Epigenetic changes are increasingly appreciated as a correlate and a possible driver of the aging process (Kane and Sinclair 2019). Epigenetic markers of biological age based on specific GpG island DNA methylation patterns have provided a clock by which to estimate chronological and biological age in animals and humans (Horvath 2013; Horvath and Raj 2018). Global downregulation of DNA methylation is associated with frailty both cross-sectionally and longitudinally (Bellizzi et al. 2012) and decreased CpG island methylation is also associated with frailty (Collerton et al. 2014). Two studies have reported an association between the DNA methylation clock developed by Horvath and frailty (Breitling et al. 2016; Gale et al. 2018). Furthermore phosphorylated H2A histone family member X (γH2AX), a marker of DNA damage, was also shown to be related to frailty in a recent cross-sectional study (Valdiglesias et al. 2019).
Research into the epigenetics of frailty will continue to grow over the next few years, not just for the identification of potential frailty biomarkers but also to help us understand potential underlying mechanisms of frailty and aging.
2.8. Limitations of frailty biomarker studies
Despite progress in identifying biomarkers of frailty in recent years, some major limitations remain. Some of the biggest problems in the field are that associations are not always reproduced across different populations, rarely is the predictive value of biomarkers explored in longitudinal clinical studies, and even more rarely are they investigated in regards to their ability to evaluate the response to an intervention. This is not specific to frailty biomarkers, however, and is a feature of the entire biomarkers field, with the US National Institutes of Health (NIH) recently highlighting that biomarker development lags behind therapeutics in all areas (Brady 2014).
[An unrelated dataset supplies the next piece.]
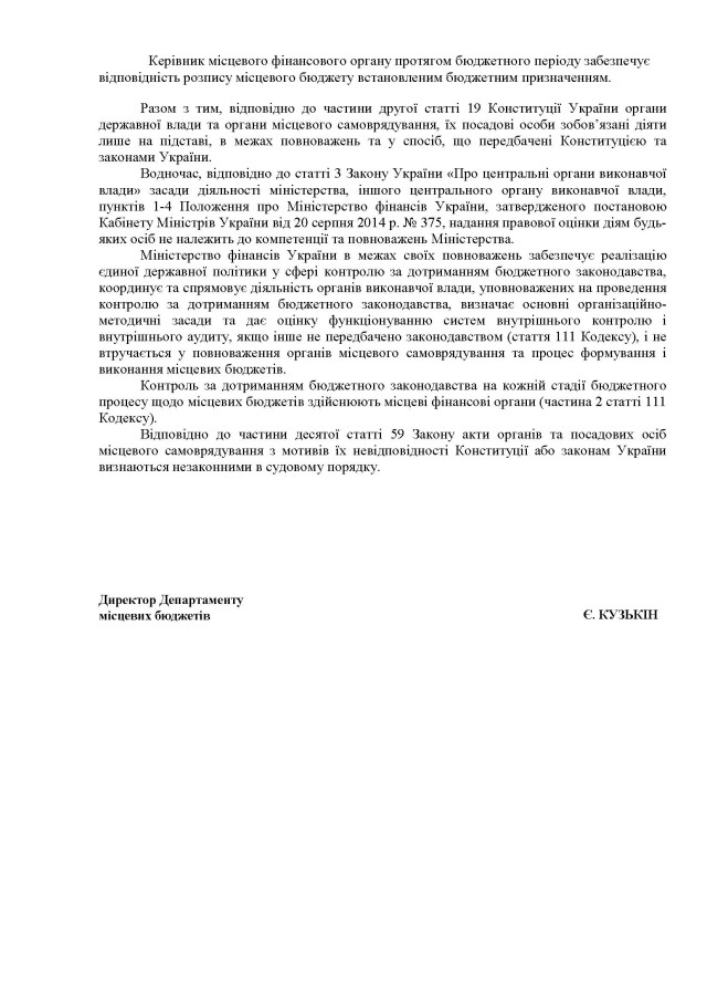 Посилаючись на українське законодавство, в Мінфіні нагадують, що до повноважень рад належить затвердження та контроль за виконанням обласного бюджету, а в компетенції ОДА – складання та виконання. Також в Мінфіні пишуть, що місцевий бюджет виконується за розписом, затвердженим керівником місцевого фінансового органу.

The majority of the proposed frailty biomarker have been investigated using the ‘physical’ frailty phenotype definition, which mostly measures reduced physical function and sarcopenia with age, rather than the deficit accumulation approach, which measures overall health decline in aging. Indeed, Ramakrishnan and colleagues completed a systematic review of frailty biomarker studies, and found that 33 out of 40 identified studies used the physical frailty phenotype definition (Ramakrishnan et al. 2017). Hubbard et al (2009) suggest that the associations between inflammatory markers and the frailty phenotype may be primarily related to sarcopenia and reduced muscle strength in these patients (Hubbard et al. 2009). More clinical studies exploring frailty biomarkers using the frailty index and more studies exploring the longitudinal predictive value of frailty biomarkers, especially in response to frailty-attenuating interventions, would be of great value in identifying viable biomarkers of frailty.
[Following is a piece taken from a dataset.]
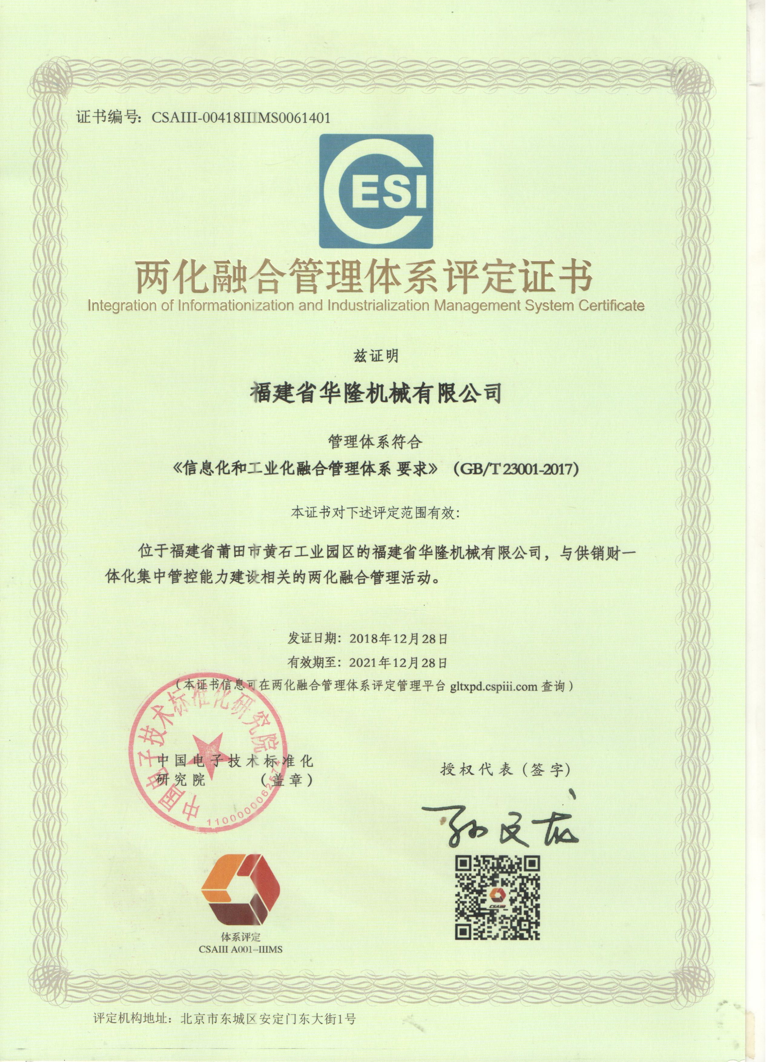 两化融会系统评定证书

Other considerations to accelerate the discovery of frailty biomarkers are discussed below, and include using animal models of frailty to reduce the complexity and heterogeneity of clinical studies, developing composite biomarker panels, considering that markers for biological age and frailty may overlap, investigating sex differences in biomarkers and identifying novel biomarkers.
3. Considerations for the development of frailty biomarkers
3.1. Animal studies of frailty biomarkers
To complement and predict human studies, animal models of frailty have been developed. The first proposed mouse frailty model was the IL-10 knockout mouse (Walston et al. 2008), which was originally developed as a model of colitis, but found to display many characteristics seen in human frailty such as increased inflammation and decreased strength (Walston et al. 2008). Recently Cu/Zn superoxide dismutase (Sod1) knock-out mice have also been proposed as a model of frailty. These mice display weight loss, weakness, reduced activity and increased inflammation (Deepa et al. 2017). Unfortunately, these transgenic models are somewhat limited in their use, as they do not model the development of frailty in natural aging.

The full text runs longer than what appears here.